SPOX: Herr Kracht, Sie sind mir früher nicht nur durch Ihr konsequentes Spiel aufgefallen, auch wegen Ihrer Lockenpracht hat man Sie immer leicht auf dem Platz erkennen können, wann kam die denn jetzt final ab?

Torsten Kracht: (lacht) Also ich mag meine Eltern total, aber was die mit meinen Haaren angestellt haben... Das war in den 80er-Jahre auch kein Problem, schließlich war so eine Frisur in Zeiten der Dauerwelle total angesagt, nur habe ich erst ziemlich spät begriffen, dass die Locken tatsächlich verschwinden, wenn man die Haare ganz kurz schneidet. Auf den Trichter bin ich dann zu meinem Karriereende gekommen.

SPOX: Die etwas seriösere Erscheinung passt nun auch zu Ihrer Tätigkeit. Sie sind mittlerweile als Immobilieninvestor tätig, war dieser Weg bereits während der Fußballkarriere abzusehen?

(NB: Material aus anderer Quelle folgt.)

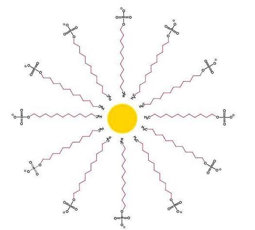 圖2.十二烷基硫酸鈉膠束的簡(jiǎn)單圖例。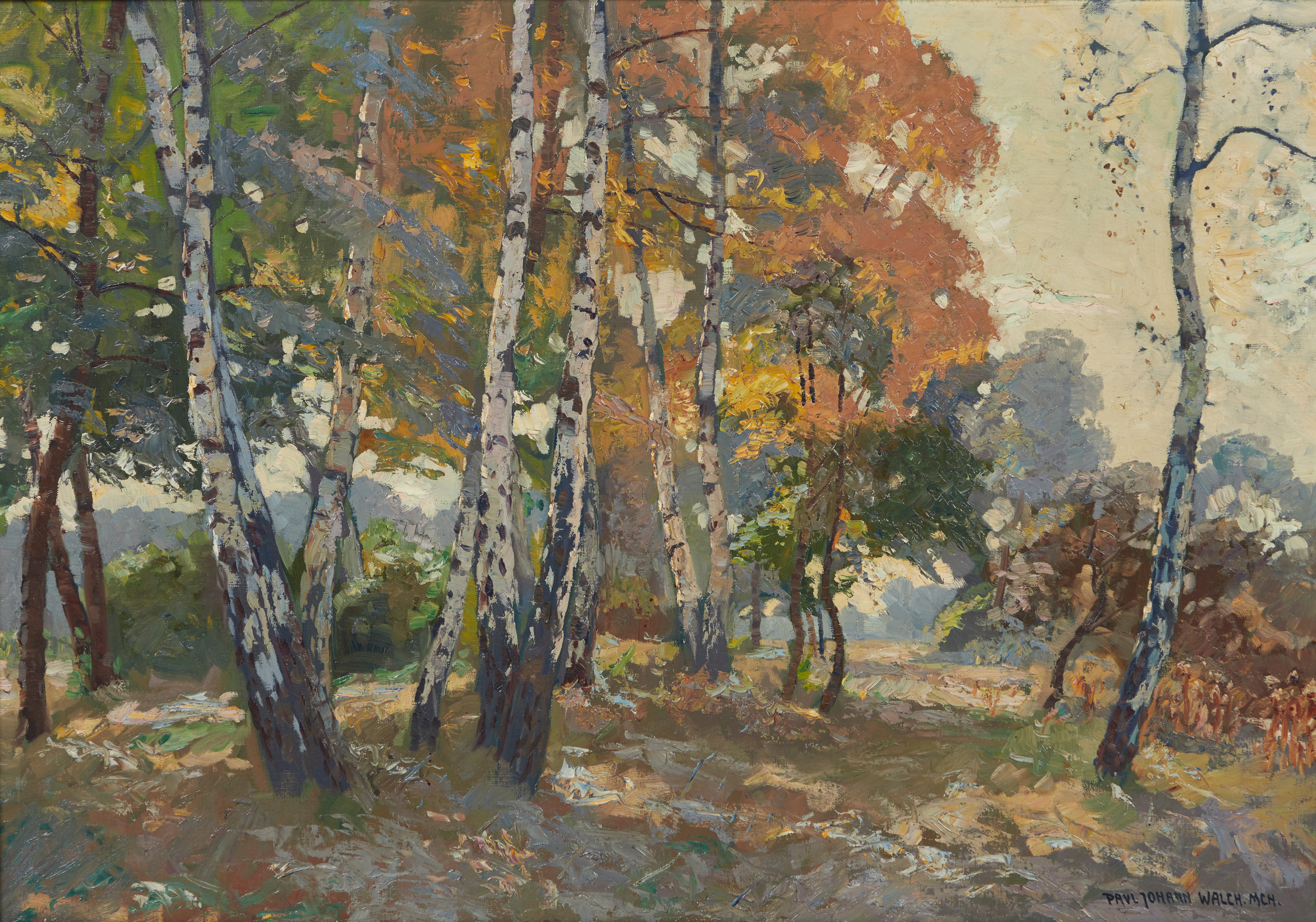 2310777. A. HÜBNER. Gemälde, Birken am Wasser.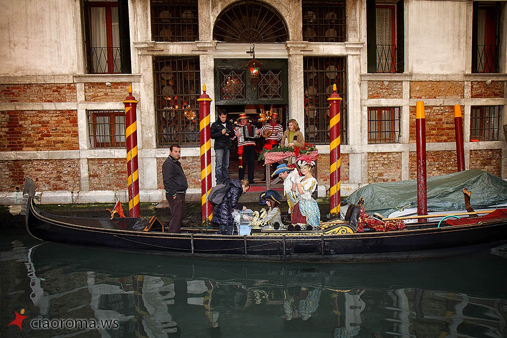 Ho ripreso i momenti salienti della cerimonia, le firme, la stretta di mano, lo scambio degli anelli, ma non mi sono lasciato scappare le emozioni vere ed i piccoli sguardi che gli sposi si scambiano durante la celebrazione. Finita la cerimonia, hanno fatto il loro ingresso in sala il mandolinista ed il fisarmonicista vestiti con abiti del posto, hanno suonato durante il piccolo buffet organizzato per l'occasione. L'aiuto dello spumante ha reso tutti più rilassati, ne ho approfittato per catturare qualche ritratto della splendida Luba e del suo sposo Aleksandr nonché della amabile figliola Anna. Scesi nella hall del palazzo, uscendo dalla parte posteriore, ci aspettava la gondola e le colombe bianche. Per riprendere i momenti del lancio delle colombe e della salita in gondola degli sposi mi sono posizionato dalla parte opposta del canale. Il giro in gondola è stato accompagnato dalle parole in tipico dialetto veneto del nostro gondoliere, che hanno reso ancor più romantico ed indimenticabile la nostra navigazione. Scesi nei pressi di Piazza San Marco, ci siamo concessi gli ultimi scatti fotografici. I turisti nella piazza erano davvero tanti e pian piano stava diventando difficile riuscire a fotografare senza includere qualcuno. Abbiamo deciso di finire il nostro percorso e tornare all'Hotel.
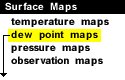 This surface meteorological chart shows the dew point temerature pattern (in degrees Fahrenheit) over the continental United States and is updated every hour. Dew point temperature is a measure of moisture in the air and is contoured here every 5 degrees. When the dew point temperature is close to the temperature of the air, the air is nearly saturated. However, nearly saturated air is not always humid. Only when the temperatures reach above 70 degrees Fahrenheit and dew points rise nearly as high does the air feel "muggy" and uncomfortable. Humidity of the air generally increases southward, similarly to the temperatures. During the summer dark green shading (dew points in the 60s or higher) indicate humid air. Dew points in the 40s or lower (light green, yellow or white) are considered dry. In the winter the dew points are on average 30-40 degrees lower, similarly to the temperatures (except the southern coastal regions where the fluctuations are a little smaller). In the example above on the left, there is a large change in dew point temperature from New Mexico to central Texas. This suggests that a dry line is somewhere in the area. You can check the current map (above right) to see is there are areas that also appear to be affected by dry lines. Humidity decreases the convective stability of the air. Since the density of moist air is lower it tends to rise over colder, denser air. This can happen along a frontal boundary or if air becomes convectively unstable and rises to form clouds and precipitation. This is why thunderstorms and convective showers often form in a warm, moist airmass. Sharp gradients (closely packed dew point contours) are often indicative of frontal boundaries or dry lines. During the warm season intense precipitation often occurs along those boundaries.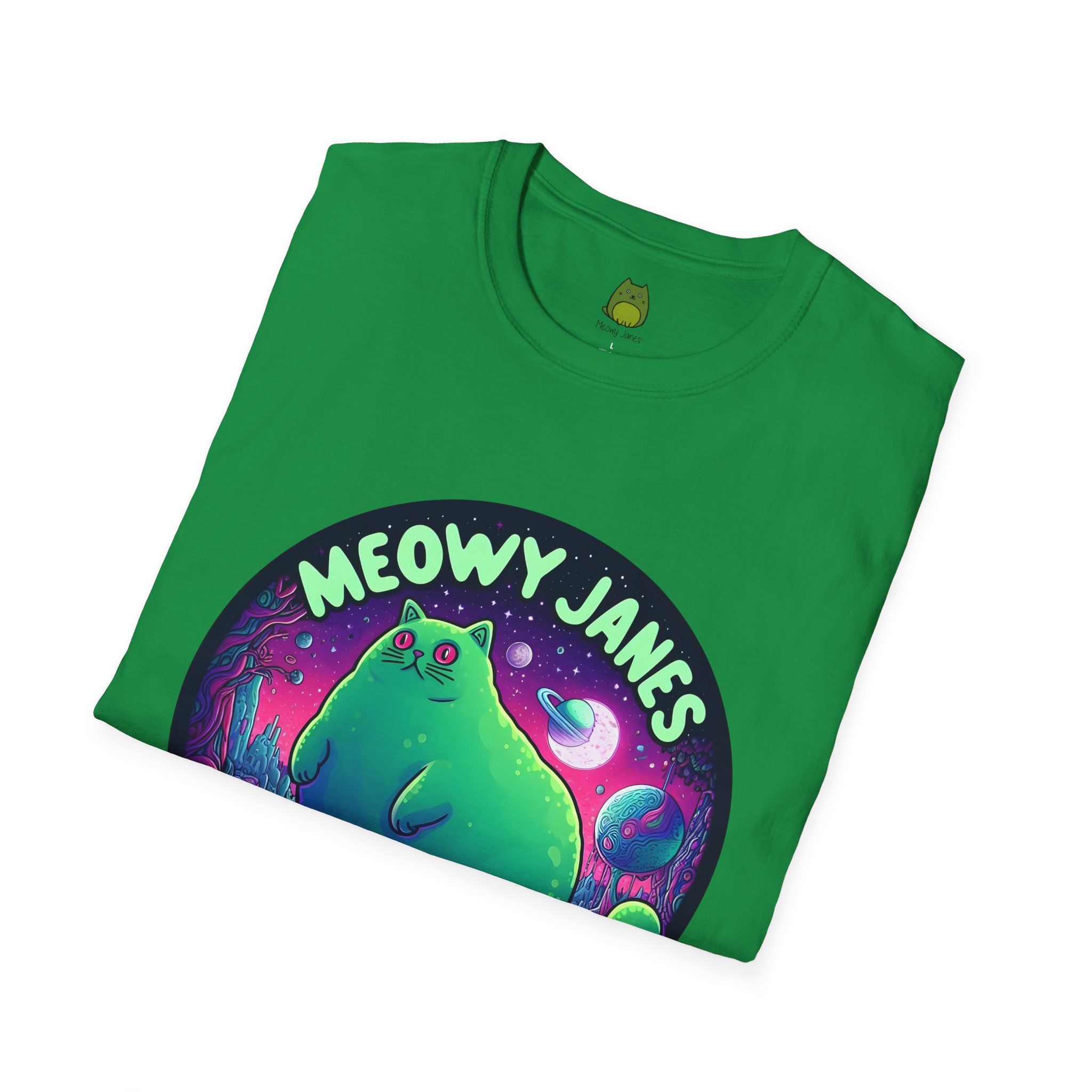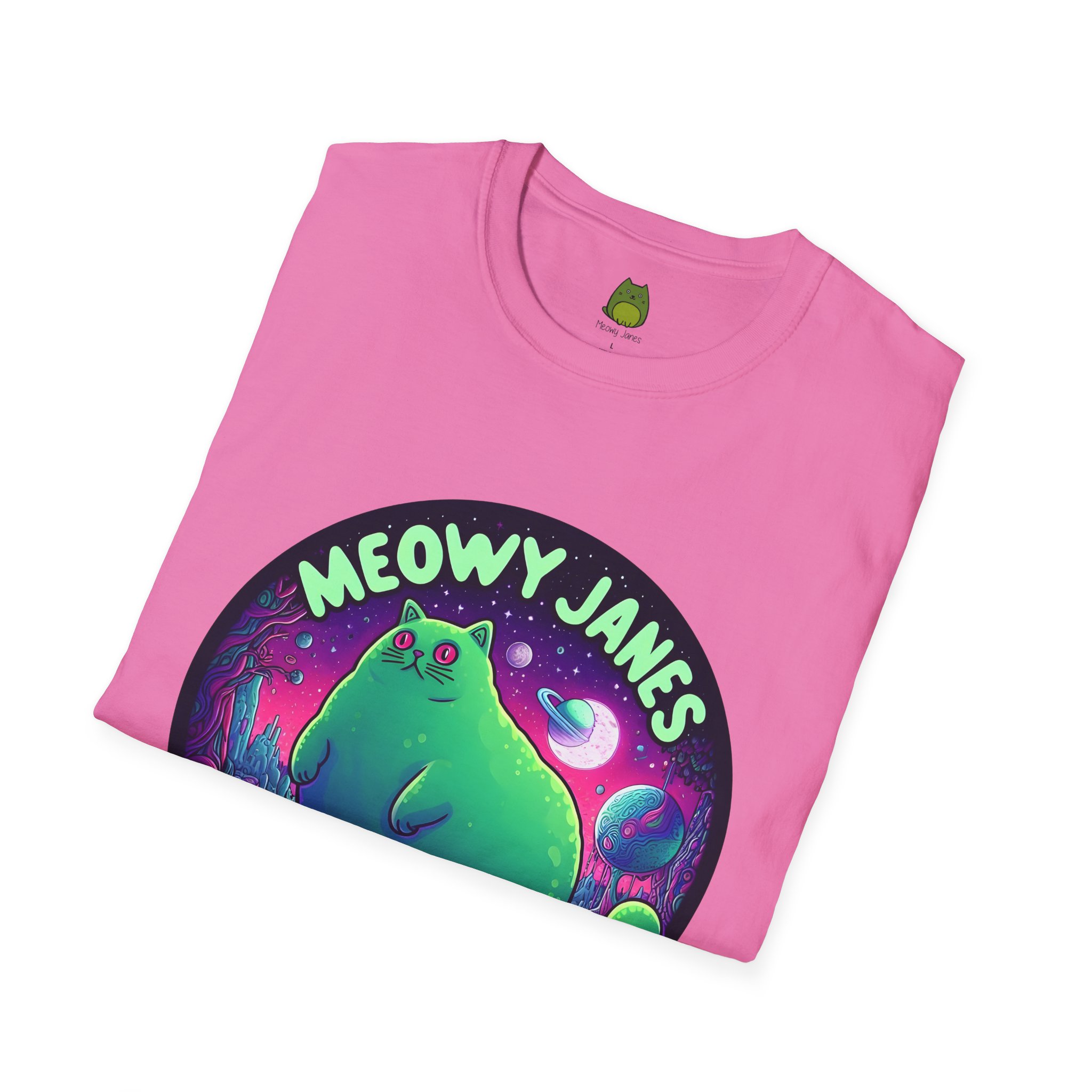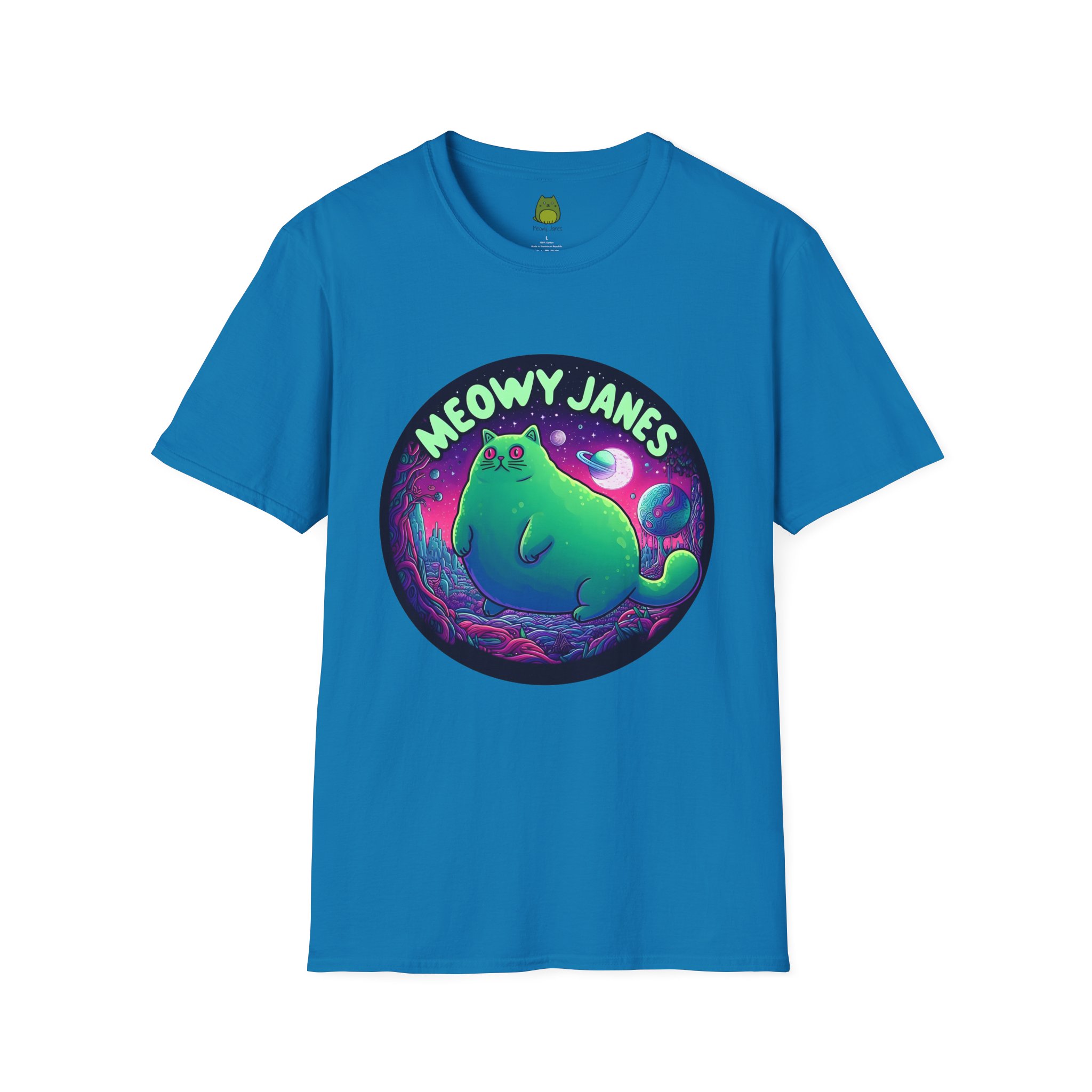 Dive into a trippy, acid-inspired world featuring a whimsical cat. Perfect for those who love a touch of the surreal, this shirt is a must-have for any feline enthusiast. This softstyle T-shirt is perfect for cat lovers and those who enjoy a whimsical and quirky style. Embrace the enchantment and let your style purr with Meowy Janes.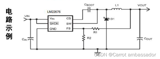 如下图是用 LM22670 芯片做的电路示例,这就是一个典型的非同步降压转换器,因为他下管是用了一个快恢复或者肖特基二极管。为什么要用肖特基呢?因二极管的寄生参数和漏感会导致在 MOS 管在开通时产生一个高压的震荡,这个震荡最终会导致芯片的 SW 引脚高压损坏和开关损耗非常大,导致效率很低,所以一般会使用快恢复或者肖特基二极管。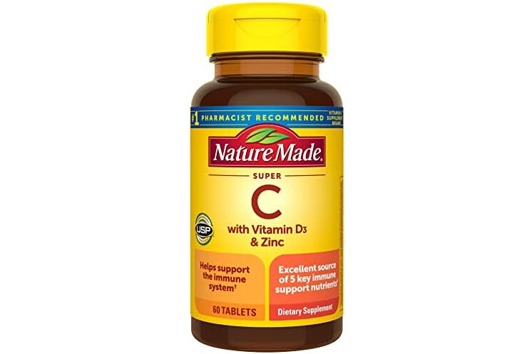 Nature Made Super C with Vitamin D3 and Zinc, Dietary Supplement for Immune Support, 60 Tablets, 60 Day Supply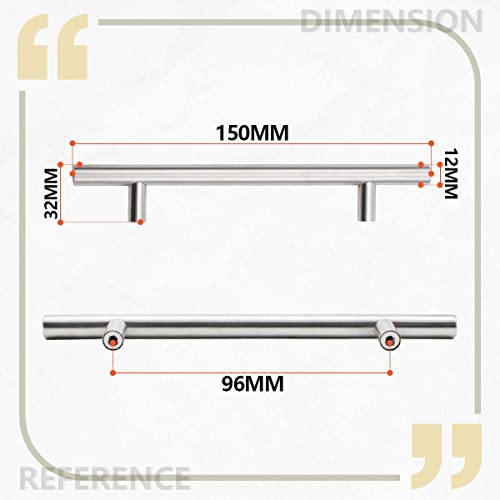 Bwintech 6 maniglie da 150 mm (96 mm) in nichel spazzolato maniglie da cucina a T bar in acciaio inossidabile, ideali per armadietti, cassetti, credenze
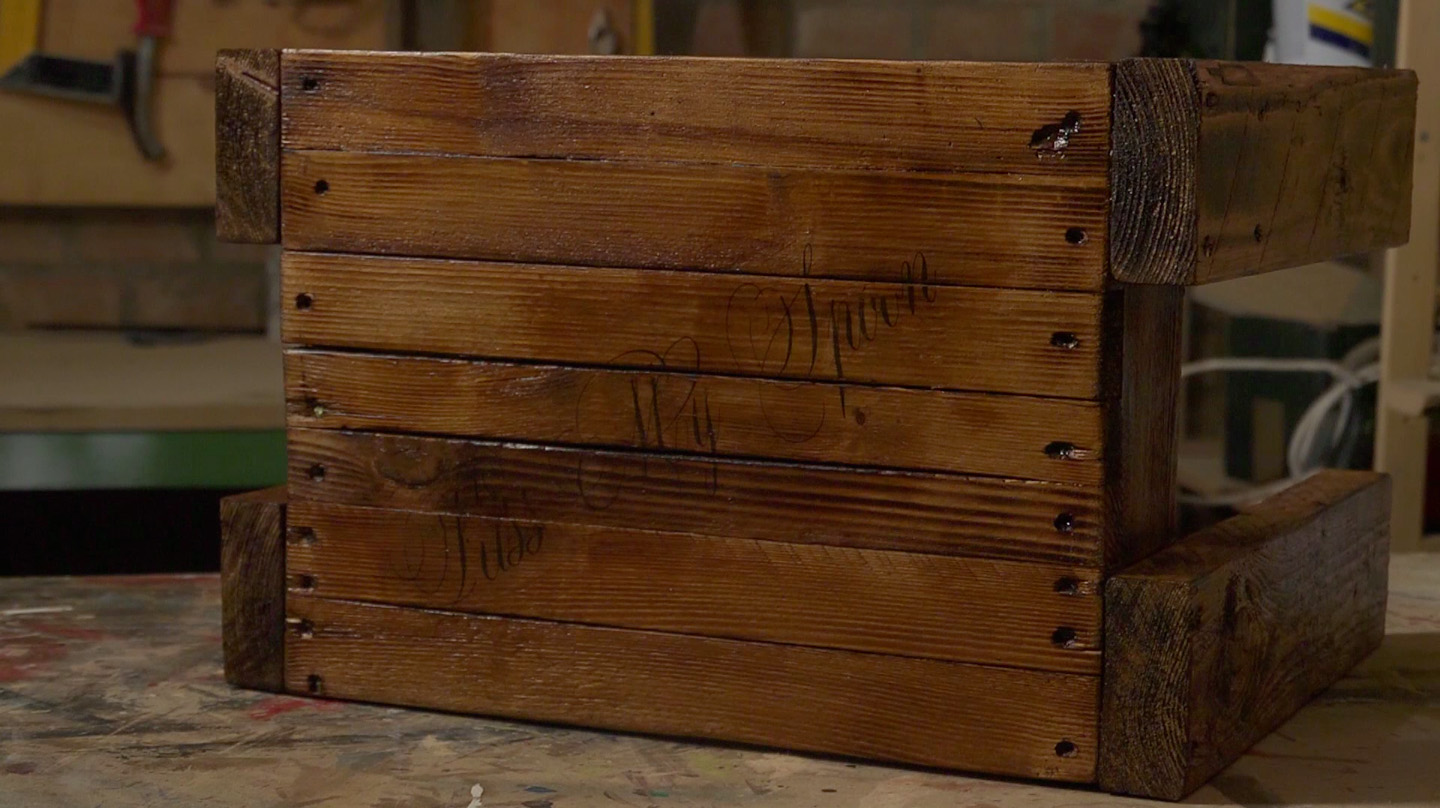 - Prendiamo il cannello a gas, accendiamolo, e passiamolo sul legno per mettere in evidenza le venature a conferire all’oggetto un aspetto più rustico (facoltativo).

Kracht: Nein, eigentlich überhaupt nicht. Ich habe mich schon immer für Betriebswirtschaft und Finanzen interessiert, dazu hatte ich ein Faible für historische Gebäude. Am Ende war es reiner Zufall. Ich hätte mir auch vorstellen können, dem Fußball treu zu bleiben und damit weiterhin dieses Lotterleben zu führen, bei dem man jederzeit bereit sein muss, die Stadt zu wechseln. Dann ergab sich diese Chance in meiner Heimatstadt Leipzig und ich habe sehr schnell Gefallen daran gefunden.

SPOX: Ihr Unternehmen saniert hauptsächlich alte Bausubstanz. Überträgt man dieses Vorgehen auf den Fußball, stellt sich die Frage, wie Sie das Projekt von Red Bull bewerten, das ohne traditionelle Strukturen aus dem Boden gestampft wurde?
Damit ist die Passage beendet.